A economia da maconha

07/03/2016

Artigo publicado no jornal Folha de S. Paulo em 7/3/2016

Por Ronaldo Lemos

Quer um argumento adicional para considerar uma mudança na atual política sobre drogas? Então vale analisar o impacto econômico da legalização da maconha. Por exemplo, o Estado do Colorado, nos Estados Unidos, não sabe o que fazer com tanto dinheiro.

Desde que legalizou a maconha para fins recreativos, o Estado tem vivido um ciclo de bonança econômica que levou o novo mercado a ser apelidado de “ouro verde”. A estimativa é que em 2015 as receitas com a maconha legalizada ficaram próximas a US$ 1 bilhão, enchendo os cofres públicos de impostos.

A nova indústria aumentou também o gasto dos turistas nas concorridas estações de esqui do estado (como Aspen). Na esteira do sucesso, foi criada uma Câmara de Comércio da Maconha, reunindo empresários locais. Há ao menos duas escolas para formação de administradores do ramo (a Marijuana Business Academy e o Cannabis Career Institute). Ao menos 10 mil empregos foram gerados.

É claro que questões de saúde pública (e seus custos) são fundamentais. No entanto, isso não impede que outros Estados como Arizona, Alaska, Oregon sigam passos similares. O debate pela legalização avança também em países como o Canadá e até na França.

Para além do sucesso na economia “tradicional”, a maconha está gerando uma onda de novas empresas de tecnologia. O Vale do Silício já está atuando fortemente no ramo. Um dos fundos na área é o MJIC (Marijuana Investment Corporation), especializado em investir em start-ups tecnológicas do setor. Aliás, opções de investimento não faltam. Há ao menos 66 empresas de maconha e tecnologia baseadas no Vale do Silício.

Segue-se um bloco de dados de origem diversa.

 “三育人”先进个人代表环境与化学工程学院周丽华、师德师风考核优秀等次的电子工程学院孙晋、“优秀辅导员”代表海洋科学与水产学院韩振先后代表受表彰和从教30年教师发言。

Uma das mais antigas é a Leafly, site que classifica “varietais” de maconha, atribuindo notas para cada um deles em termos de sabor, aroma e efeitos. Outro site, Marley Natural, é mantido pela família de Bob Marley em parceria com investidores. A ideia é se tornar a primeira empresa global de Cannabis, antecipando o movimento de liberalização.

Mais celebridades empreendem na área, como Willie Nelson ou Snoop Dogg. Há até uma empresa aceleradora chamada Gateway, que oferece mentoria, espaço de “coworking” e treinamento para empresas de tecnologia com produtos ou serviços relacionados a maconha.

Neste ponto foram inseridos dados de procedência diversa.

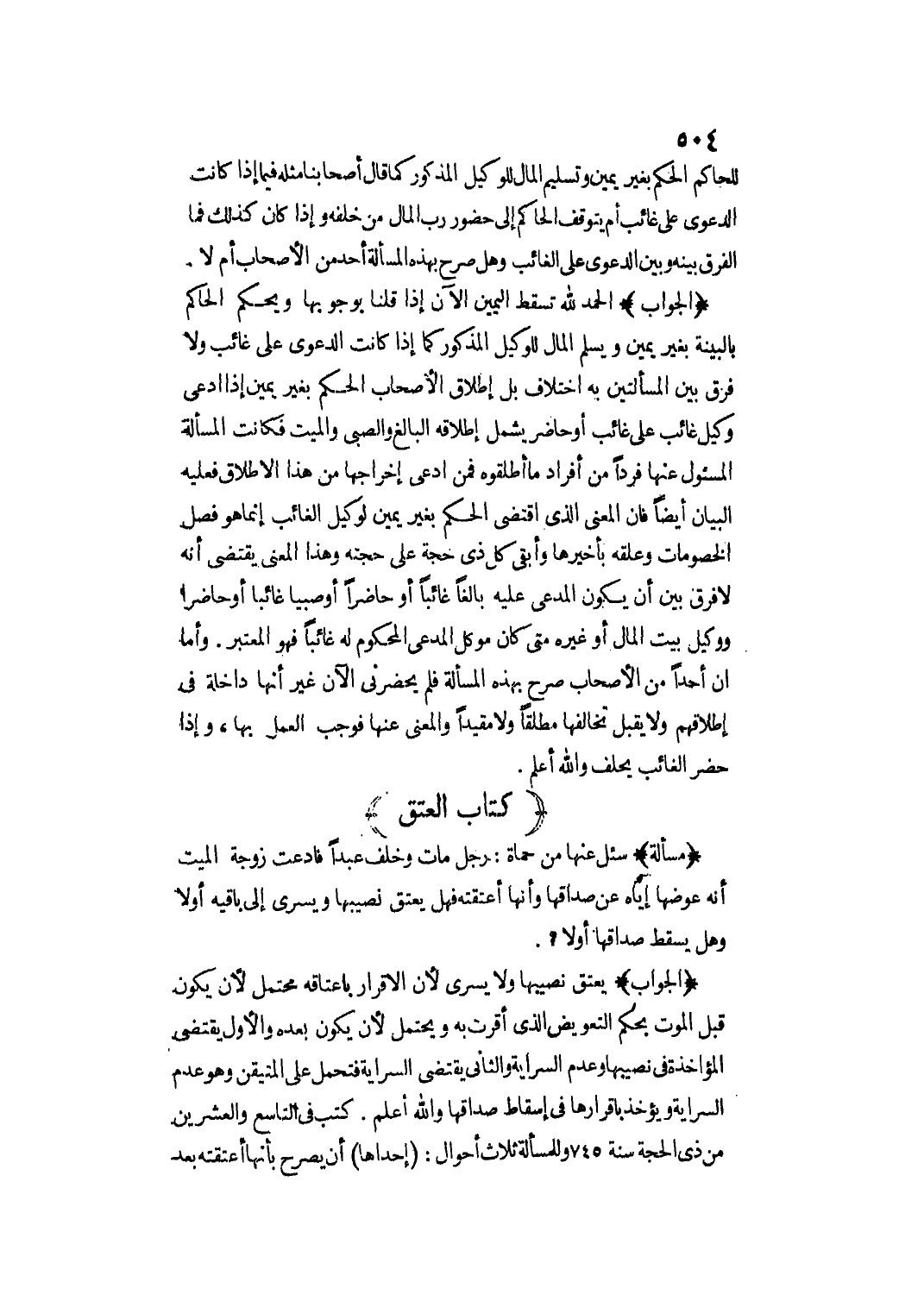 كُتِبَ فِي التَّاسِعِ وَالْعِشْرِينَ مِنْ ذِي الْحِجَّةِ سَنَةَ 745 وَلِلْمَسْأَلَةِ ثَلَاثُ أَحْوَالٍ:
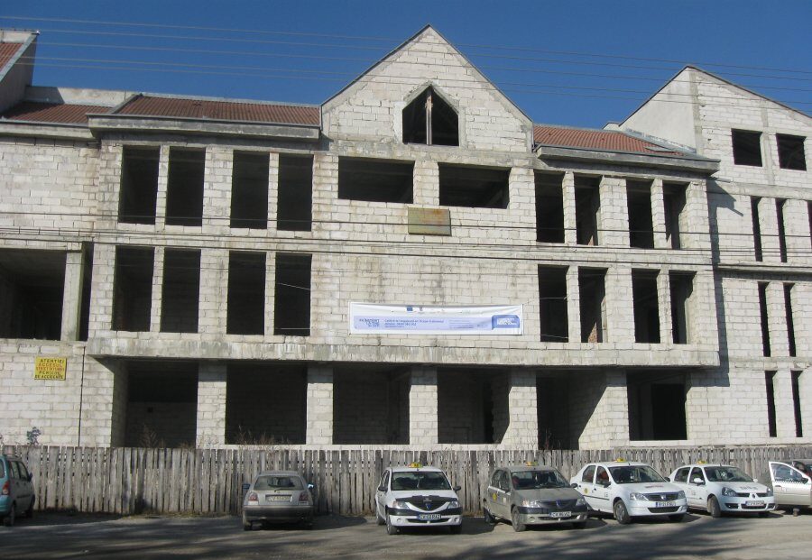 Clădirea cu trei etaje, aflată în centrul oraşului Întorsura Buzăului, a fost ridicată până la acoperiş, dar din 1997 Guvernul nu a mai alocat bani pentru continuarea lucrărilor iar investiţia a fost abandonată.

Não deixa de ser irônico. Os países desenvolvidos que mais fomentaram a “guerra às drogas” estão armando o cenário para se tornarem os principais beneficiários da sua legalização. Estão fazendo isso pela fatia mais nobre do mercado, de alto valor agregado, com produtos altamente diferenciados, marcas globais e tecnologia em todos os elos da cadeia. Nada muito diferente do que aconteceu com outros produtos agrícolas, como o café.

Depois de importar o modelo da “guerra às drogas”, não seria surpresa que em um futuro próximo importássemos também Cannabis de alta qualidade “made in USA”, quando a liberalização finalmente chegar nestas bandas.